== Assignment ==
An exact copy of the records below is required, and it must contain no pictures.

......

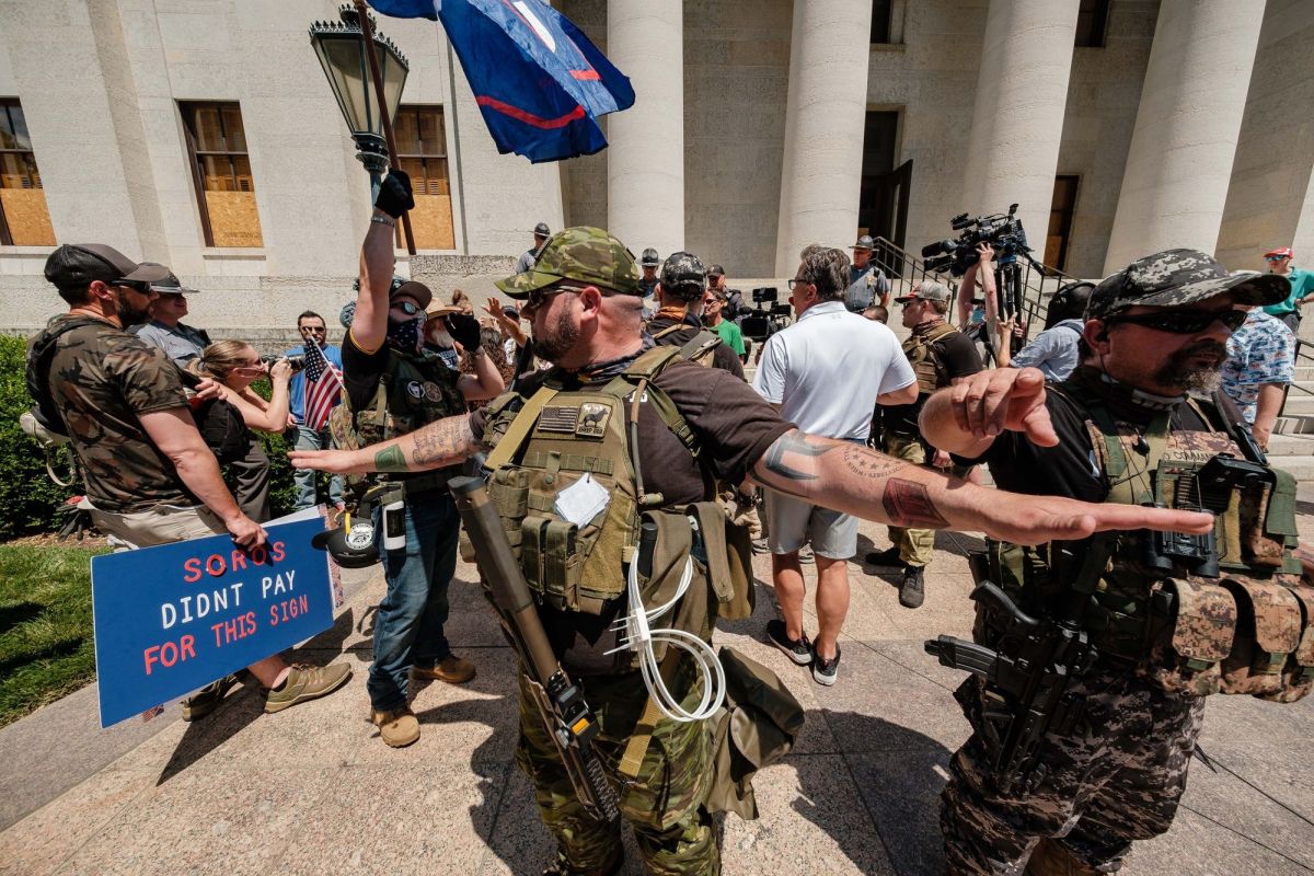 Protest proti obveznemu nošenju zaščitnih mask v Columbusu, prestolnici ameriške zvezne države Ohio, so zaznamovali do zob oborožen protestniki. Samozvana milica je »varovala« protestnike pred morebitnim nasiljem.
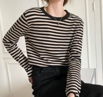 ラウンドネックのデザインは、顔周りをすっきりと見せながら、女性らしい抜け感も演出。
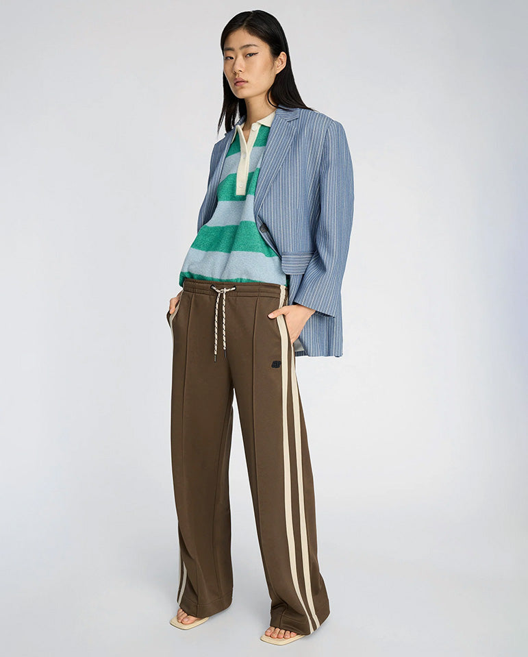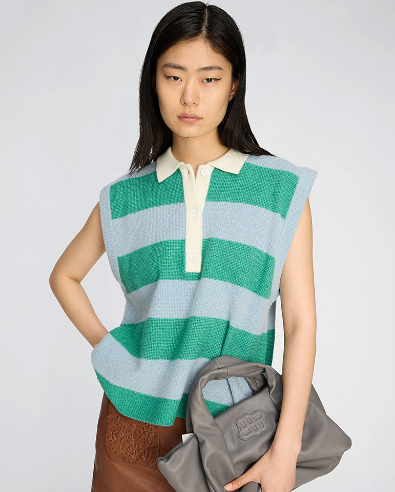 Short sleeved, knitted polo tank top with tonal block stripes and a contrasting 3/4 button placket and classic collar. The effortless silhouette makes for easy styling, suitable for both layering, or wearing as a stand alone piece.
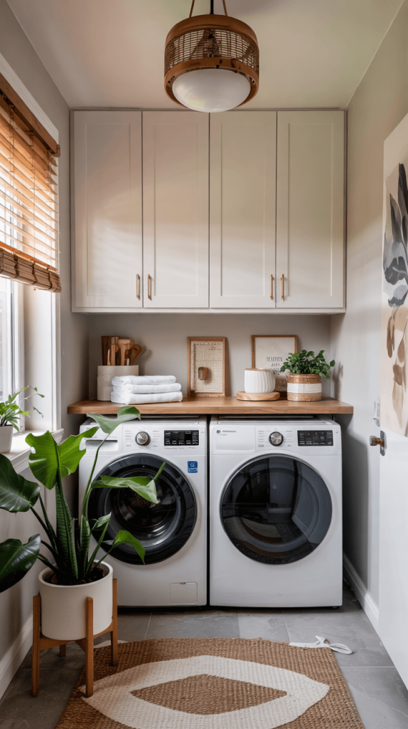 You can use a pre-cut butcher block countertop from a hardware store or have a piece of quartz or granite cut to size. Just make sure you leave a little breathing room for ventilation, especially for your dryer. This one upgrade makes the room feel infinitely more usable and professional.
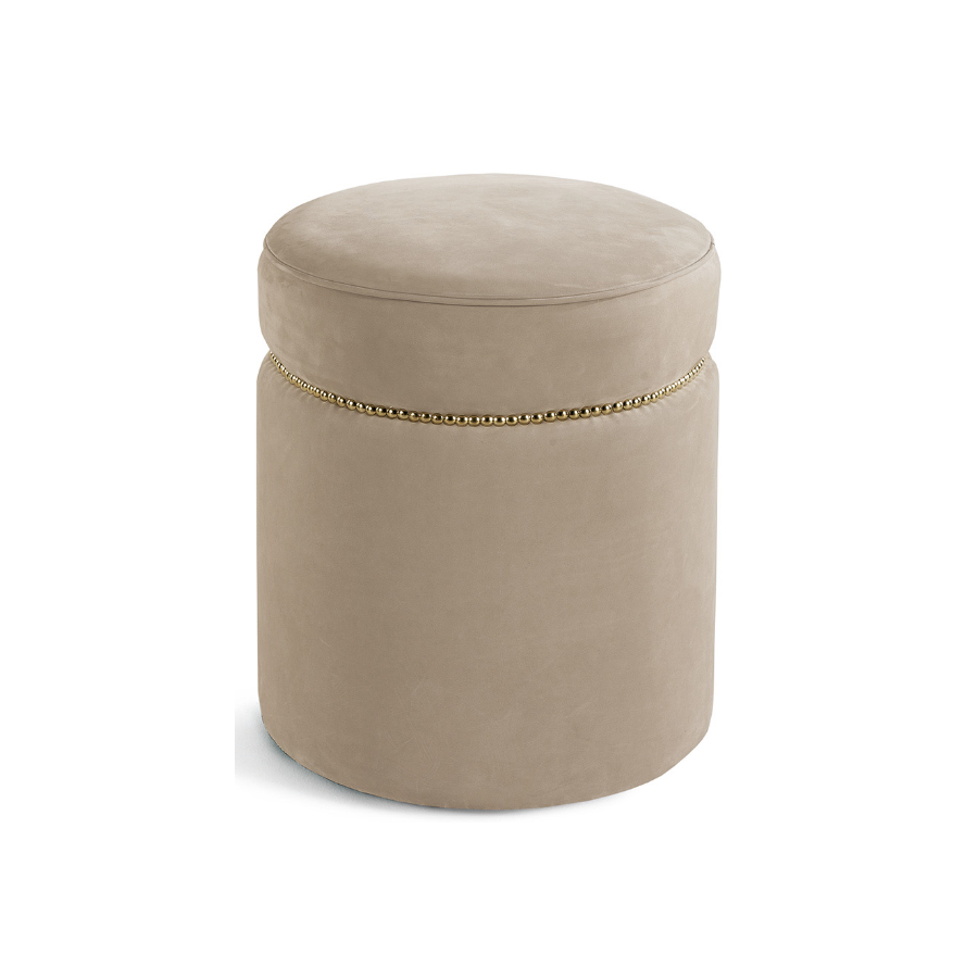 Elegant pouf with gold finishings that can be used as an extra seat or as a comfortable footrest.
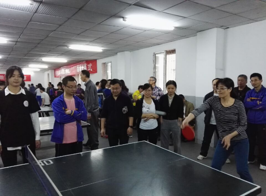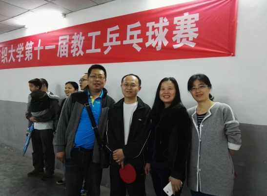 4月23日,在南湖校区乒乓球场,环境学院分工会组织教工代表队参加了学校乒乓球比赛。
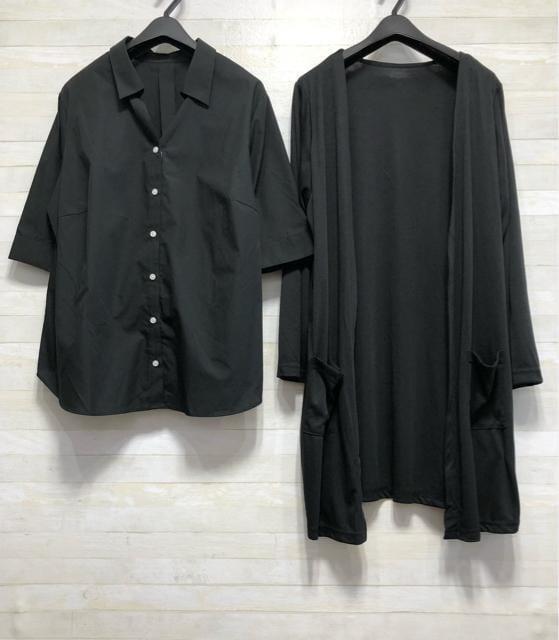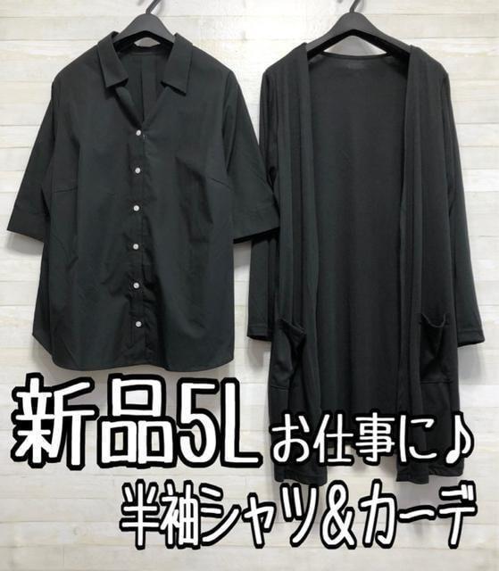 新品☆5L♪黒系無地♪お仕事に♪半そでシャツ&うす手カーディガン☆x895

......

== Solution for this task ==
 Protest proti obveznemu nošenju zaščitnih mask v Columbusu, prestolnici ameriške zvezne države Ohio, so zaznamovali do zob oborožen protestniki. Samozvana milica je »varovala« protestnike pred morebitnim nasiljem.
 ラウンドネックのデザインは、顔周りをすっきりと見せながら、女性らしい抜け感も演出。
 Short sleeved, knitted polo tank top with tonal block stripes and a contrasting 3/4 button placket and classic collar. The effortless silhouette makes for easy styling, suitable for both layering, or wearing as a stand alone piece.
 You can use a pre-cut butcher block countertop from a hardware store or have a piece of quartz or granite cut to size. Just make sure you leave a little breathing room for ventilation, especially for your dryer. This one upgrade makes the room feel infinitely more usable and professional.
 Elegant pouf with gold finishings that can be used as an extra seat or as a comfortable footrest.
 4月23日,在南湖校区乒乓球场,环境学院分工会组织教工代表队参加了学校乒乓球比赛。
 新品☆5L♪黒系無地♪お仕事に♪半そでシャツ&うす手カーディガン☆x895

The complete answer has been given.